Fix $u,x \in V$ with $u\ne 0$. Define $T\in \mathcal L(V)$ by $$Tv = \langle v, u\rangle x$$ for every $v\in V$. Prove that $$\sqrt{T^*T}v = \frac{\|x\|}{\|u\|}\langle v,u\rangle u$$ for every $v\in V$.
I try to use $\|Tv\|^2 = \langle Tv, Tv\rangle = \langle T^*Tv, v\rangle$ to relate this to $\sqrt{T^*T}$, but I got stuck.

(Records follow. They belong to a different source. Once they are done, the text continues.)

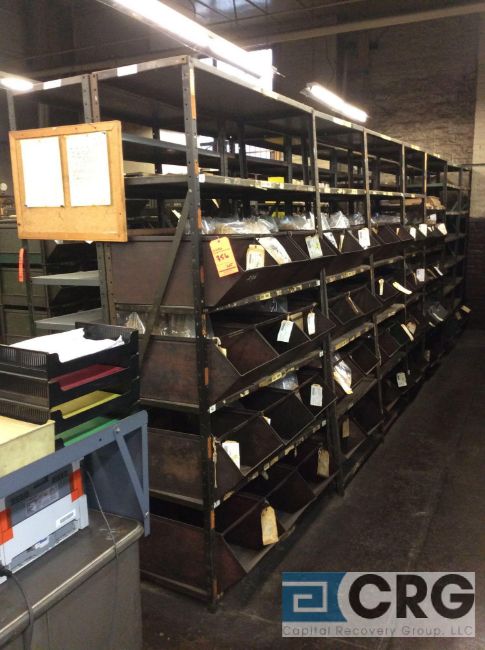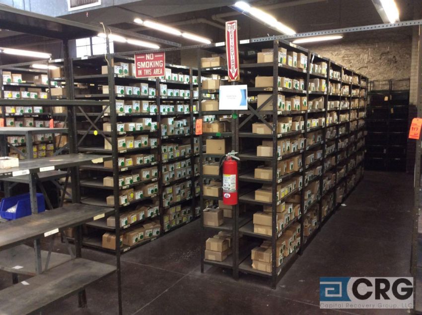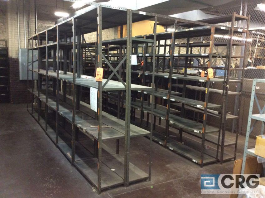 Lot of adjustable metal shelving, 4 feet wide X 12 and 18 inch deep X 7 feet high TOTAL OF 84 SECTIONS, LATE REMOVAL AFTER SHELVES HAVE BEEN EMPTIED (LOCATION: 2ND FLOOR) - RIGGING FEE: $200.00-WILL AUTOMATICALLY BE ADDED TO THE INVOICE
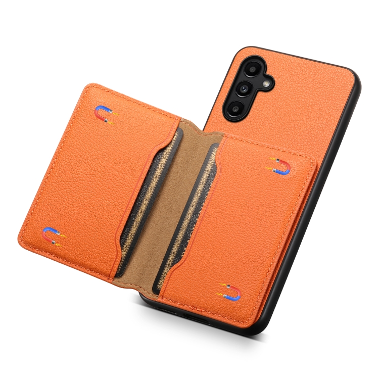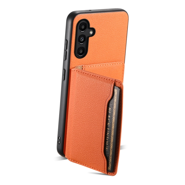 Funda para Teléfono Samsung Galaxy A14 con Diseño de Bolsa para Tarjetas con Textura de Becerro (Naranja)
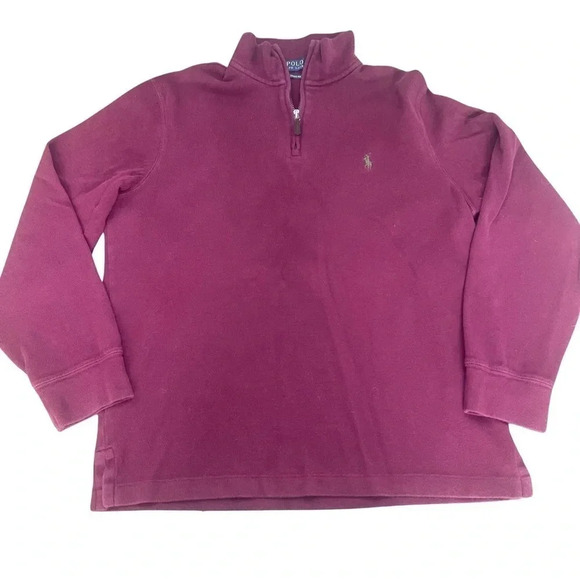 Men’s EUC Polo Ralph Lauren Quarter Zip Pullover. Burgundy. Estate Rib, Medium. Cotton, machine wash. Contrasting green pony on front left chest. Straight, vented hem. See pictures for approximate measurements. Smoke free home. Retail $125
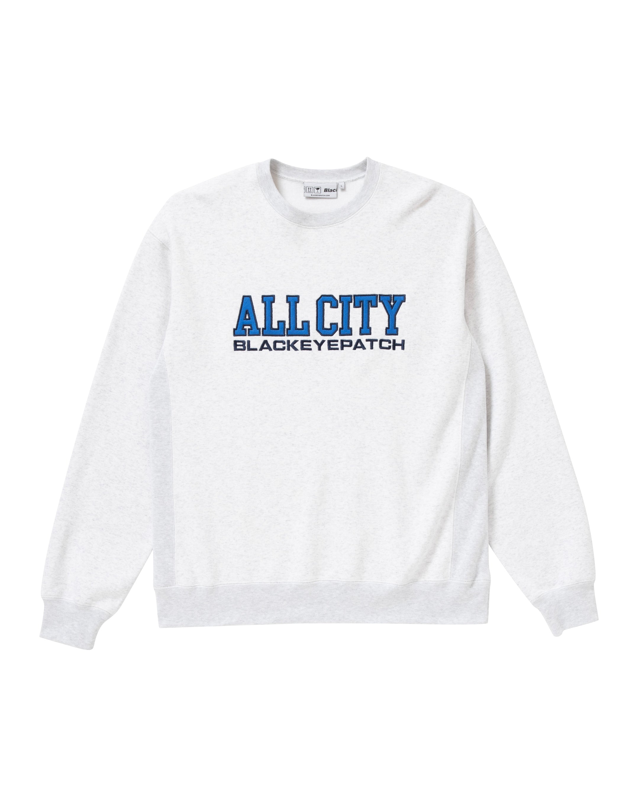 ブランドの背景にあるカルチャーから派生したフレーズ “ALL CITY” をフロントに大きく刺繍を載せた CREW SWEAT。スウェットは 12.5oz。
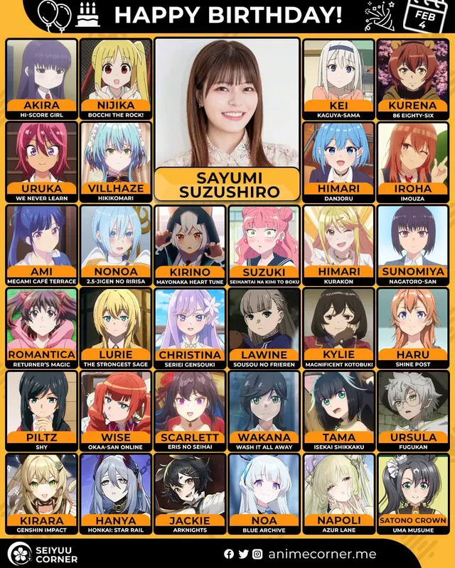 🥳 Сегодня день рождения у сэйю Саюми Судзусиро🔻 Ей исполнилось 28 лет! 🎉#Деньрождения #4февраля #СаюмиСудзусиро #Сэйю20expand_more15expand_less
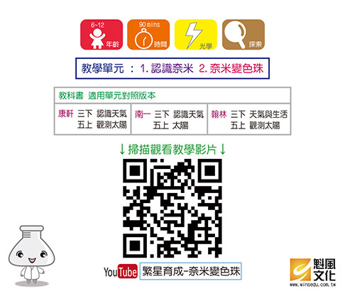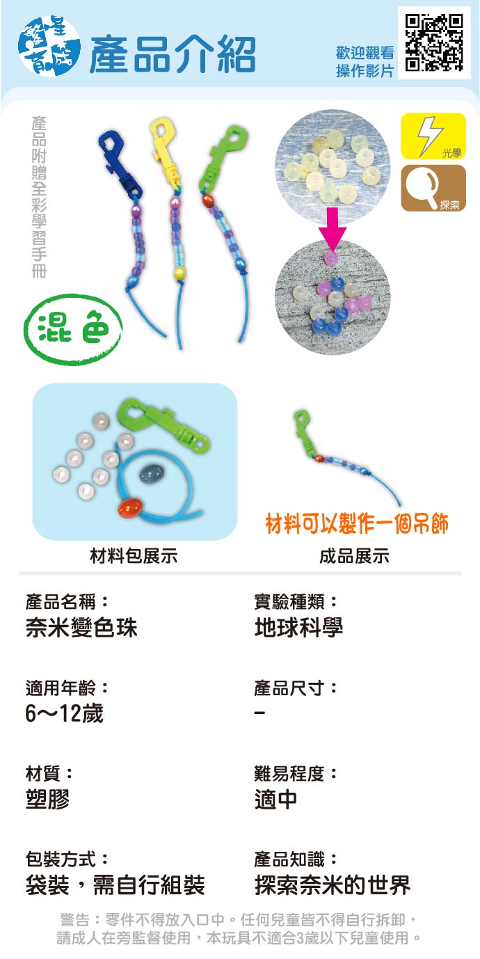 奈米變色珠 產品編號:K004-10 原價 80 60 ✦ 知識目標 1. 認識奈米並建立奈米大小概念。 2. 了解紫外線的特性。 ✦ 素養目標 能運用五官,敏銳的觀察周遭環境,保持好奇心、想像力持續探索自然。 課程建議時間:90分鐘 適用年齡:6-12歲 規格 組 -- 60元 數量 - + 加入購物車 立即結帳 上一筆 回到列表 下一筆

Can anyone help me?
Assuming you're dealing with real vector spaces, you have, for any $v,w\in V$, $$ \langle T^*Tv,w\rangle= \langle Tv,Tw\rangle= \langle \langle v,u\rangle x,\langle w,u\rangle x\rangle= \langle v,u\rangle\langle w,u\rangle\langle x,x\rangle= \langle \langle v,u\rangle\langle x,x\rangle u,w\rangle $$ so $$ T^*Tv=\langle v,u\rangle\langle x,x\rangle u $$ Now, the map defined by $$ S(v) = \frac{\|x\|}{\|u\|}\langle v,u\rangle u $$ is self-adjoint (easy) and positive semidefinite because $$ \langle v,S(v)\rangle= \left\langle v,\frac{\|x\|}{\|u\|}\langle v,u\rangle u\right\rangle= \frac{\|x\|}{\|u\|}\langle v,u\rangle^2\ge0 $$ Moreover $$ S(S(v))=\frac{\|x\|}{\|u\|}\langle S(v),u\rangle u= \frac{\|x\|}{\|u\|}\left\langle \frac{\|x\|}{\|u\|}\langle v,u\rangle u,u\right\rangle u= \frac{\langle x,x\rangle}{\langle u,u\rangle} \langle v,u\rangle\langle u,u\rangle u $$ so $S^2=T^*T$.